Just their first week on the job and Gil Kuttler’s friends were run over by a terrorist.
As newly minted soldiers, the potential for terrorism and violence — in general, if not the specifics of a collision with a car — comes with the territory. Just maybe not quite so early.
Gil and his friends are lone soldiers, those who serve in the Israel Defense Forces without the support of immediate Israeli family. In practice, this includes Israelis who serve either in defiance of their family or who do not have any family, but is predominated by foreign volunteers of Jewish descent, like Gil.
Gil Kuttler, 19, a class of 2015 Beth Tfiloh Dahan Community School graduate, was acclimating himself to his kibbutz while his four friends were waiting at a bus stop just outside Jerusalem when a car being driven by a Palestinian rammed into them in late November 2015. Two were injured and, after exiting the car to keep the fight going, according to Israeli media reports, the driver was shot and killed by a passing citizen with a pistol. The incident was covered across Israeli media and even made it overseas into U.S. outlets.
Though Gil was not (yet) in harm’s way, it was certainly not the most auspicious beginning in the eyes of his mother home in Pikesville, Robyn Schaffer.
“I make the conscious decision not to go there [with worry] because if I do, I would go crazy,” she said. Gil has about half of his two-and-a-half years of service left.

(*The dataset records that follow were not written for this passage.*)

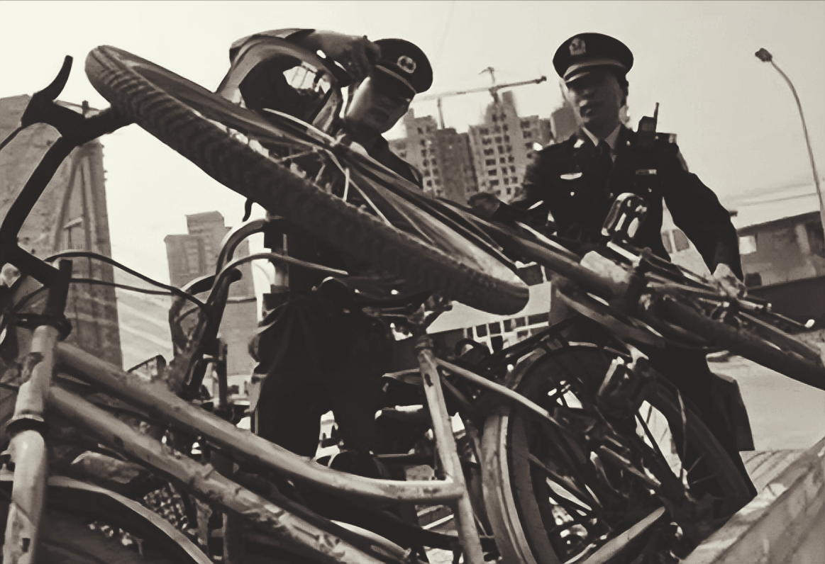 按照当时的规定,警察有权对没有车牌的自行车进行检查询问。
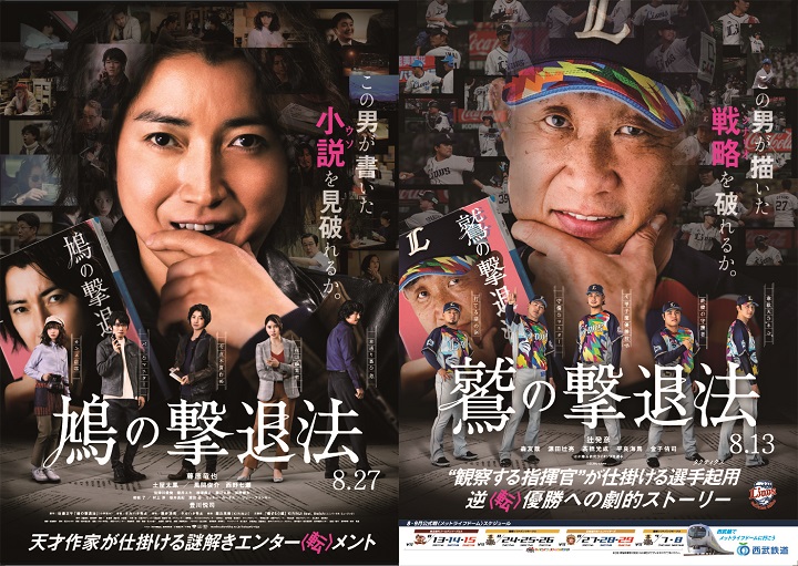西武は、俳優の藤原竜也さん主演で8月27日(金)から全国の劇場で公開予定の映画『鳩の撃退法』とコラボレーションした映画ポスター2種を、8月2日(月)より、西武線各駅などで掲出する。8月13日(金)からメットライフドームで開催する
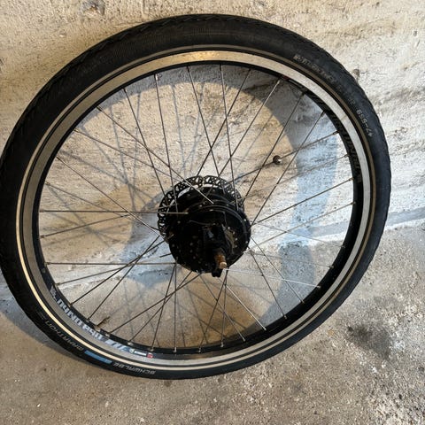 1 x forhjul sælges, har siddet på en Cargo kid EL delux ladcykel.
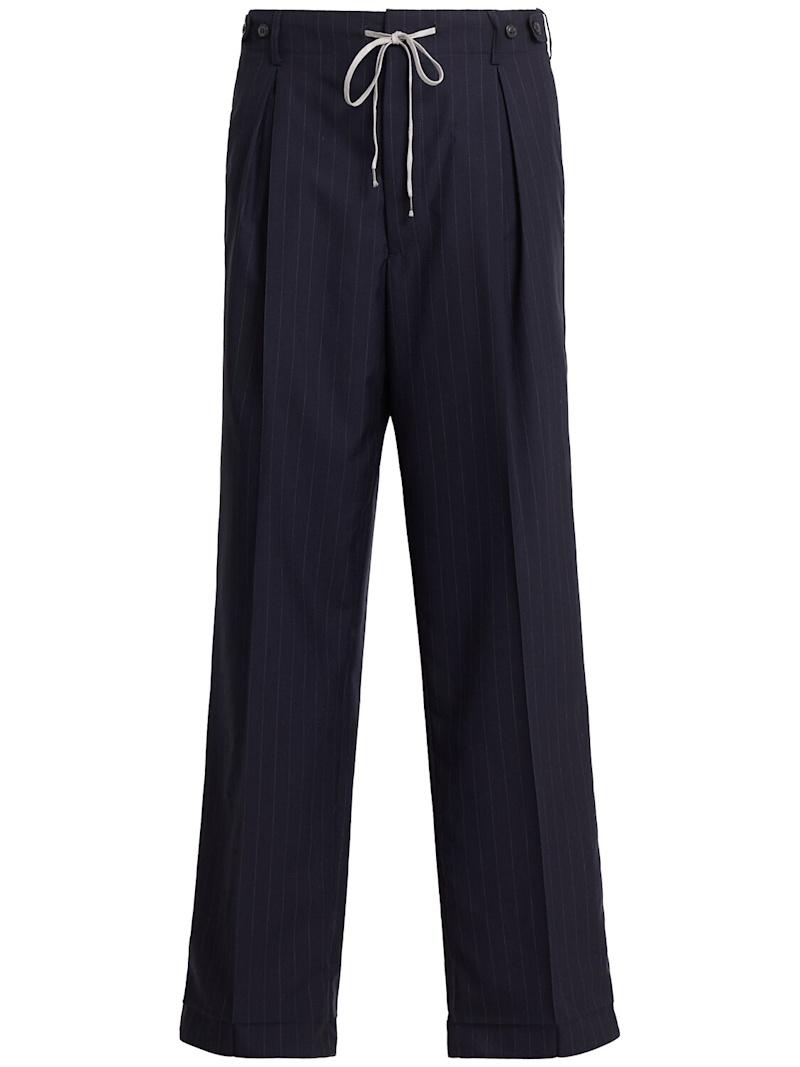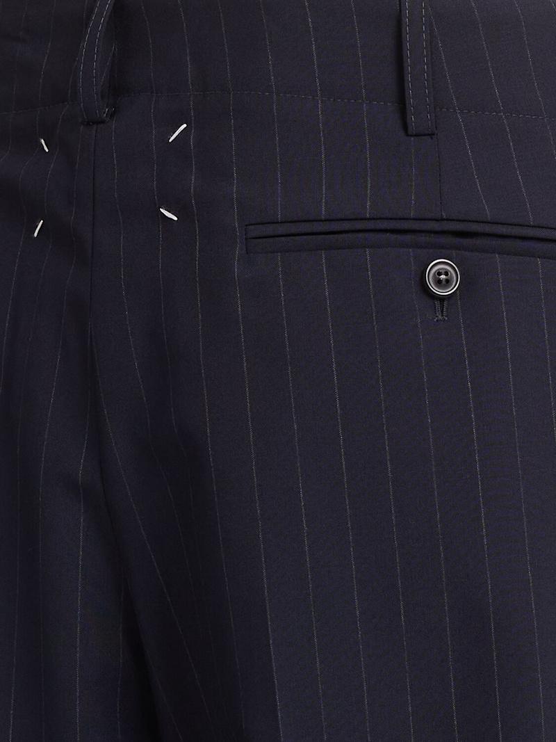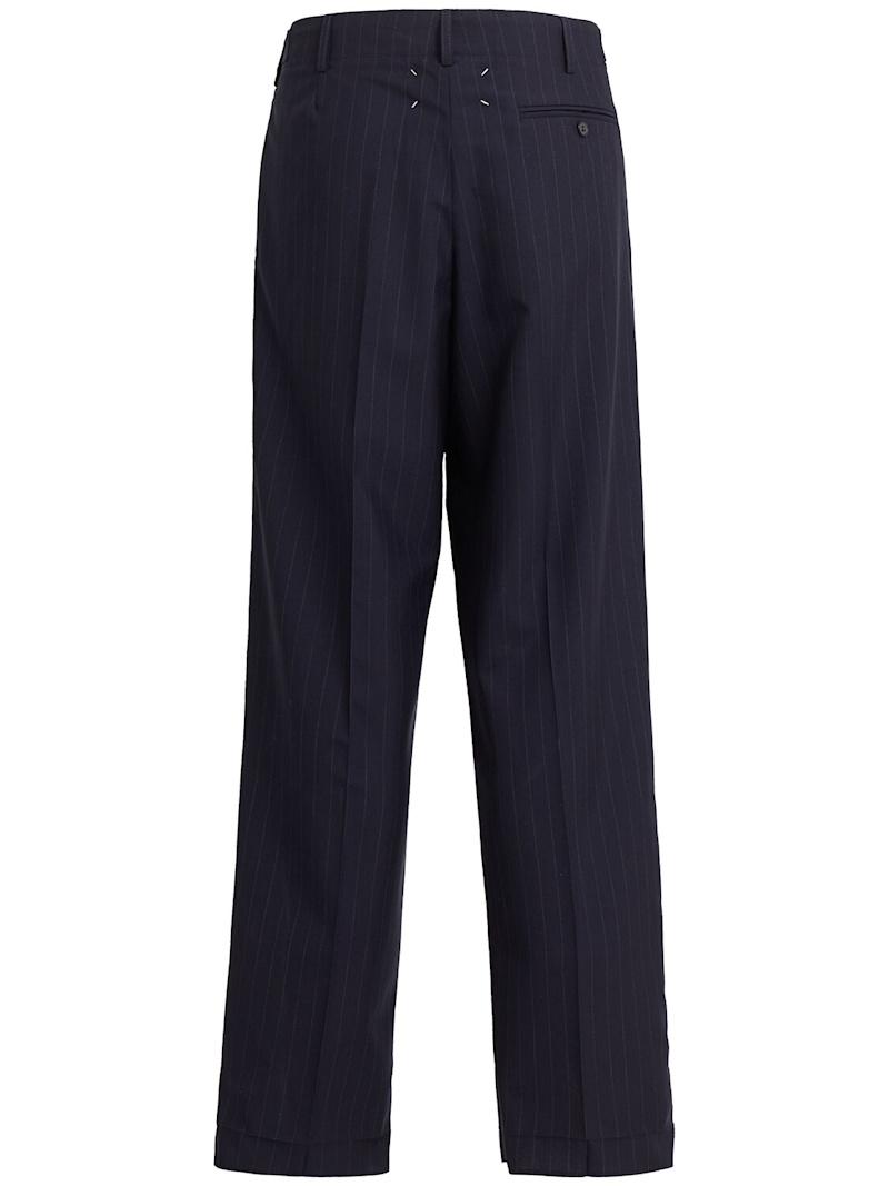 条纹羊毛裤子 - 蓝色 - 男士 - Maison Margiela - 正面抽绳开合.
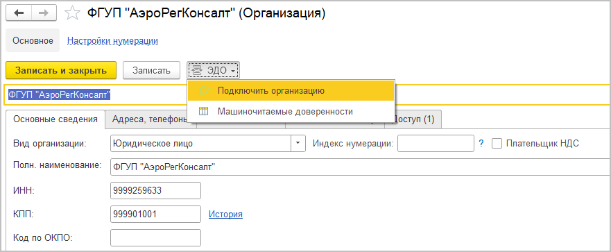 Для обмена ЭДО с контрагентами необходимо создать учетную запись ЭДО для организации. Сделать это может пользователь с полномочиями Ответственные за ЭДО и МЧД.
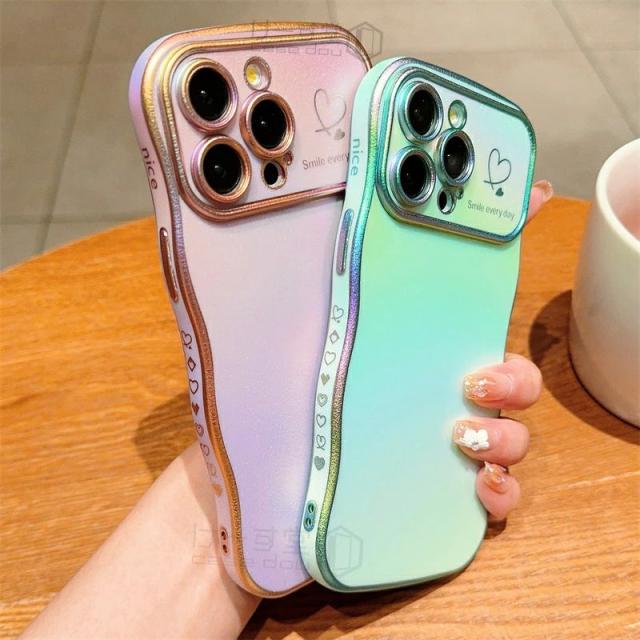 多彩! うねうねケース iPhone16e iPhone17 iPhone13 iPhone14 ケース キラキラ オーロラカラー 韓国 スマホケース ウェーブ iPhoneケース アイフォン アイホン16 15 14 Plus 13 12 11 Pro Max なみなみ おしゃれ スマホカバー レディース カメラレンズ保護 レンズカバー
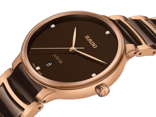 The classic Centrix Quartz Diamonds watch has been reworked not only technically, but also aesthetically. The modified model has a rounded sapphire crystal that extends all the way to the edge, as well as a curved case blending with the curved crystal edge. The overall appearance of this iconic timepiece is completed with adjusted case lugs and a bracelet made of polished rose gold-coloured PVD-coated stainless steel with brown high-tech ceramic middle links. The brown lacquered dial with 4 diamonds, emphasised with the printed “jubilé” logo, matches perfectly with the rose gold-coloured hands. Thanks to the PreciDrive and HeavyDrive features in the calibre R073 quartz movement, the watch has greater accuracy and resistance to shocks. The watch is water-resistant down to 50 m.
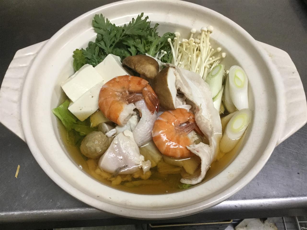 帆立、浅利の材料に白菜、豆腐、えのき、春菊など、、

Instead, Schaffer said she is “bursting with pride” for her two sons, Gil and his elder brother, Joseph (who goes by Yossi) Kuttler, who both made aliyah to serve the Jewish homeland through the IDF.
The IDF is the official military of Israel, established at the same time as the State of Israel in 1948, although it traces its roots back to relatively ad-hoc paramilitary organizations of the early 1900s, according to the IDF website. It encompasses the country’s army, air force and navy. All Israeli citizens over the age of 18 are conscripted into service, barring certain exemptions made on religious, physical or psychological grounds.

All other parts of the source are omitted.